CPU times: user 2 μs, sys: 1 μs, total: 3 μs
Wall time: 6.44 μs


### Scale

Finally, we scale the count matrix to obtain a z-score and apply a cutoff value of 10 standard deviations.

In [None]:
%%time
rsc.pp.scale(adata, max_value=10, zero_center = True)

CPU times: user 16.3 ms, sys: 145 μs, total: 16.4 ms
Wall time: 16.2 ms


### Principal component analysis

We use PCA to reduce the dimensionality of the matrix to its top 100 principal components. We use the PCA implementation from cuml to run this. With `use_highly_variable = False` we save VRAM since we already subset the matrix to only HVGs.

In [27]:
%%time
rsc.pp.pca(adata, n_comps=100, use_highly_variable=False, zero_center=True)

Time taken to create gram matrix: 0.610736608505249 seconds
CPU times: user 896 ms, sys: 70.4 ms, total: 966 ms
Wall time: 966 ms


In [30]:
preprocess_time = time.time()
print("Total Preprocessing time: %s" % (preprocess_time - preprocess_start))

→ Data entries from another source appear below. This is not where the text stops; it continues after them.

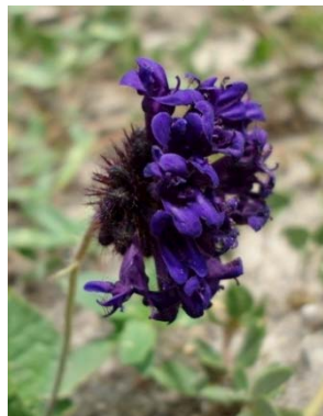
21 Raphiodon echinus LAMIACEAE M. J. P. Costa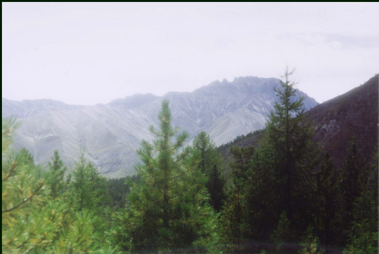
00-6-19 Долина р. Архут. Горы за р. Арашей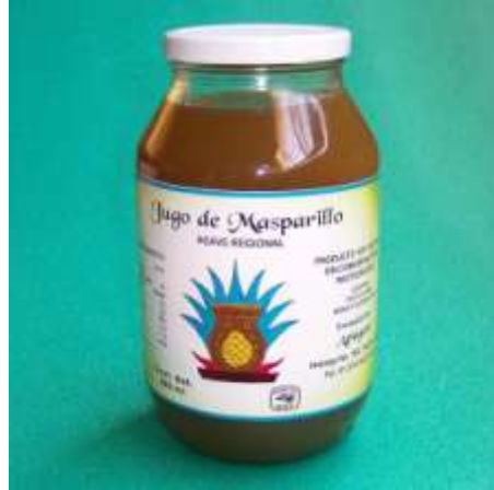
Fig. 4. Jugo de Masparillo, elaborado por mi hermano Guillermo.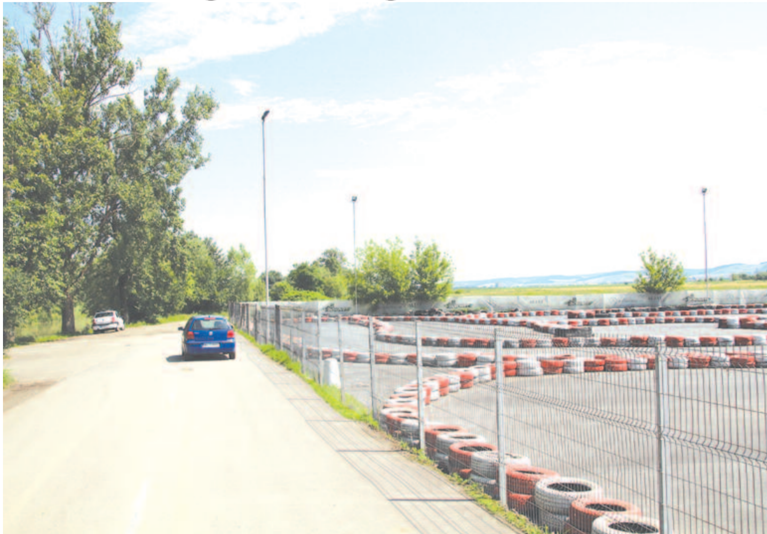
A gokartpálya szomszédságába tervezik a létesítményt

Total Preprocessing time: 3.063197612762451


## Clustering and Visualization

### Computing the neighborhood graph and UMAP

Next we compute the neighborhood graph using rsc.

Scanpy CPU implementation of nearest neighbor uses an approximation, while the GPU version calculates the exact graph. Both methods are valid, but you might see differences.

In [39]:
%%time
rsc.pp.neighbors(adata, n_neighbors=15, n_pcs=50, algorithm="nn_descent")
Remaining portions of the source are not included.